Dataset =>
○ ○ ○ ○ ○ ○ ○

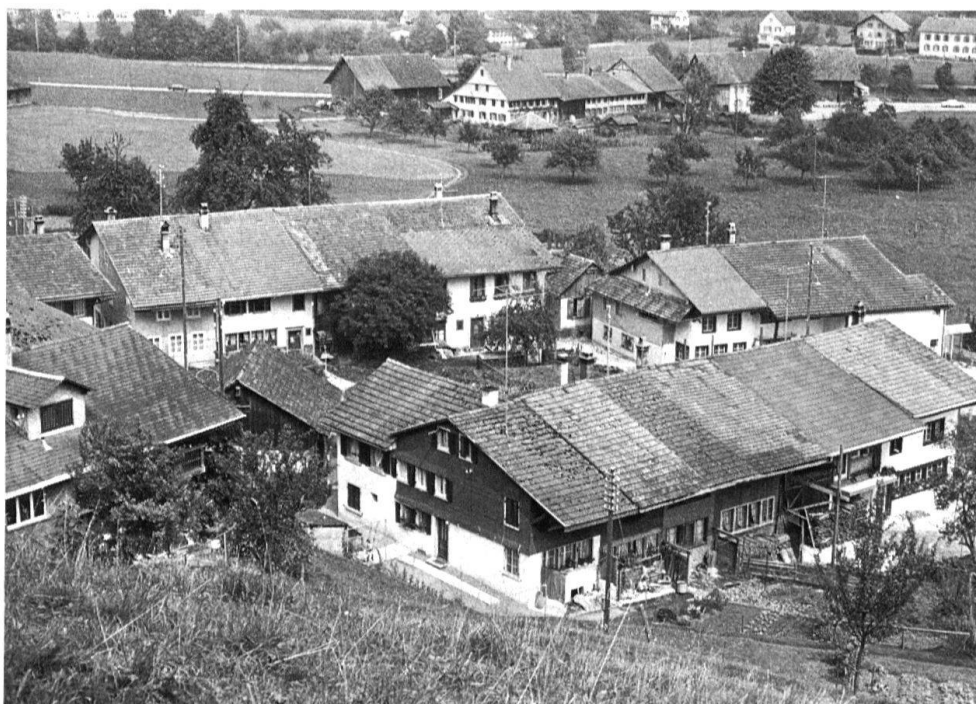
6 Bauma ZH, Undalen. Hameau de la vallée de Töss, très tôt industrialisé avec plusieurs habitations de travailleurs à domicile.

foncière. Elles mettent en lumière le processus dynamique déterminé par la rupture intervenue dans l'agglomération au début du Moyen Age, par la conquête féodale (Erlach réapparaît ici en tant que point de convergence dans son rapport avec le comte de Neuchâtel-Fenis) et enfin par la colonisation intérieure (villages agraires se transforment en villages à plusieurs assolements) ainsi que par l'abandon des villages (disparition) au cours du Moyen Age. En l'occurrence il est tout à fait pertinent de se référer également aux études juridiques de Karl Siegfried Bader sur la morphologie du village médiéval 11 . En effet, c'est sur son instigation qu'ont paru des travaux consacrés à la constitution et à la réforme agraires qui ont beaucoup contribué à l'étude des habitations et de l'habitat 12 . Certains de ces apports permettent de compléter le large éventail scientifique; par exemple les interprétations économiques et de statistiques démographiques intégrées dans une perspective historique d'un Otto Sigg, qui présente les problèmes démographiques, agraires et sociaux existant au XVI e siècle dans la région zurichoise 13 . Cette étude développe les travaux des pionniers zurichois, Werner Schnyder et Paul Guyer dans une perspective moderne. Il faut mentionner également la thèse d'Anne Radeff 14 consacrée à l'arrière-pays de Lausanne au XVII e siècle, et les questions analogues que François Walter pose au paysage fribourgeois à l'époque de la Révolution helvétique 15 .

○ ○ ○ ○ ○ ○ ○

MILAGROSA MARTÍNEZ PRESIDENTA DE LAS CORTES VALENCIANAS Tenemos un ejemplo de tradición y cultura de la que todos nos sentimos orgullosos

○ ○ ○ ○ ○ ○ ○

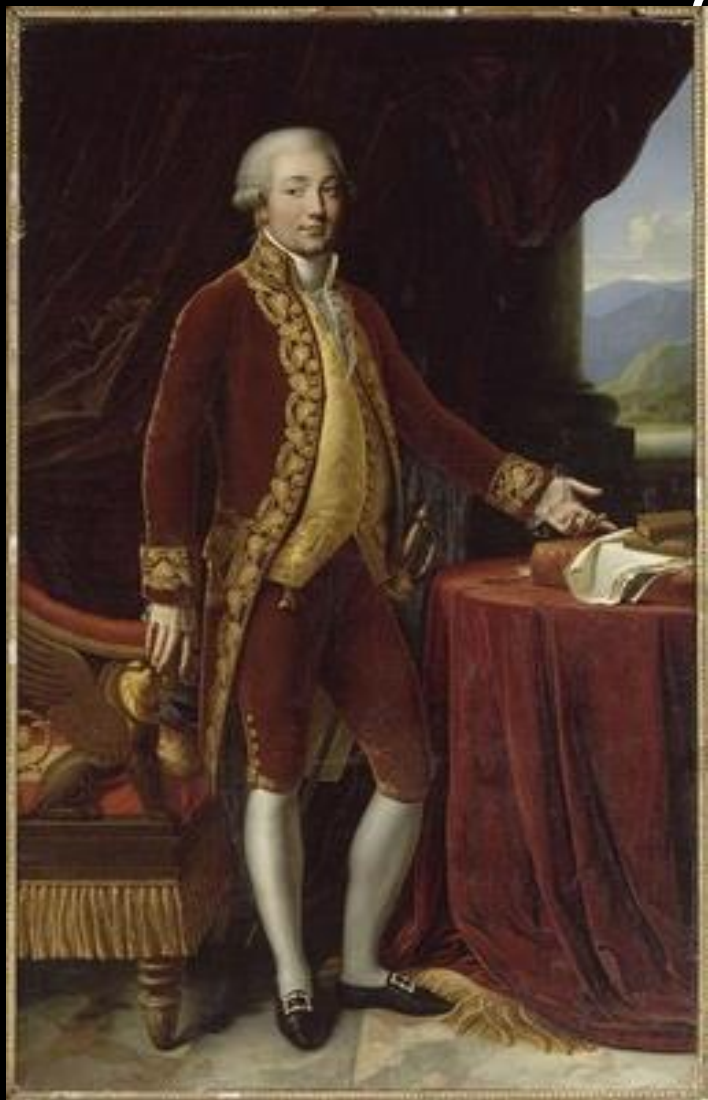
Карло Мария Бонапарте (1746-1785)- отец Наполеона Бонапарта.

○ ○ ○ ○ ○ ○ ○

Problem details => Your reply is to repeat, unchanged, the lines above running from the one with "6 Bauma ZH, Undalen." up to and including the one with "foncière. Elles mettent".

Exercise answer =>
6 Bauma ZH, Undalen. Hameau de la vallée de Töss, très tôt industrialisé avec plusieurs habitations de travailleurs à domicile.

foncière. Elles mettent en lumière le processus dynamique déterminé par la rupture intervenue dans l'agglomération au début du Moyen Age, par la conquête féodale (Erlach réapparaît ici en tant que point de convergence dans son rapport avec le comte de Neuchâtel-Fenis) et enfin par la colonisation intérieure (villages agraires se transforment en villages à plusieurs assolements) ainsi que par l'abandon des villages (disparition) au cours du Moyen Age. En l'occurrence il est tout à fait pertinent de se référer également aux études juridiques de Karl Siegfried Bader sur la morphologie du village médiéval 11 . En effet, c'est sur son instigation qu'ont paru des travaux consacrés à la constitution et à la réforme agraires qui ont beaucoup contribué à l'étude des habitations et de l'habitat 12 . Certains de ces apports permettent de compléter le large éventail scientifique; par exemple les interprétations économiques et de statistiques démographiques intégrées dans une perspective historique d'un Otto Sigg, qui présente les problèmes démographiques, agraires et sociaux existant au XVI e siècle dans la région zurichoise 13 . Cette étude développe les travaux des pionniers zurichois, Werner Schnyder et Paul Guyer dans une perspective moderne. Il faut mentionner également la thèse d'Anne Radeff 14 consacrée à l'arrière-pays de Lausanne au XVII e siècle, et les questions analogues que François Walter pose au paysage fribourgeois à l'époque de la Révolution helvétique 15 .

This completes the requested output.